Theorem 5.1 (Lagrange's Theorem). Let $\mathbb{G}$ be a finite group. Then the order of any subgroup $\mathbb{H}$ of $\mathbb{G}$ divides the order of $\mathbb{G}.$

Proof

Let $\mathbb{H}$ be a subgroup of $\mathbb{G}.$ For every $g\in \mathbb{G},$ the mapping $h\mapsto hg$ is a bijection from $\mathbb{H}$ to the right coset $\mathbb{H}g:$ it is obviously surjective and $hg=h^{\prime }g\Rightarrow hg{g}^{-1}=h^{\prime }g{g}^{-1}\Rightarrow h=h^{\prime },$ hence it is injective. Hence, all right cosets have $|\mathbb{H}|$ elements. Since right cosets form a partition of $\mathbb{G},$ we have $$|\mathbb{G}|=n|\mathbb{H}|$$ where $n$ is the number of right cosets.

A similar reasoning with left cosets shows that the number of left cosets is equal to the number of right cosets.

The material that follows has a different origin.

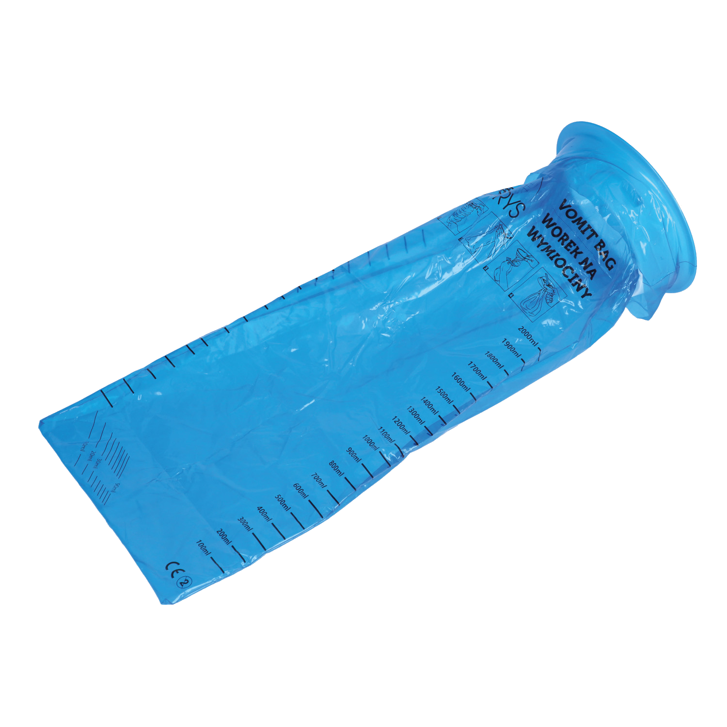 specjalne nacięcie umożliwia zamknięcie worka i higieniczną utylizację treści wymiotnej w sposób " skręć i zaczep,

The number of right (or left) cosets of $\mathbb{H}$ is called the index of $\mathbb{H}$ in $\mathbb{G}$ and denoted $[\mathbb{G}:\mathbb{H}].$ Hence, Lagrange theorem states that $$|\mathbb{G}|=[\mathbb{G}:\mathbb{H}]|\mathbb{H}|.$$

Normal Subgroups

Having defined an equivalence relation associated with a subgroup, one may ask whether the set of right (or left) cosets can be equipped with a group structure. This is where the notion of normal subgroup comes into play.

Let $\mathbb{G}$ be a group. A subgroup $\mathbb{H}$ of $\mathbb{G}$ is said to be normal if for every $g\in \mathbb{G},$ $g\mathbb{H}=\mathbb{H}g$ (i.e., left and right cosets are equal).

Normality can be characterized by a number of other equivalent conditions. The easiest to check is often the following one.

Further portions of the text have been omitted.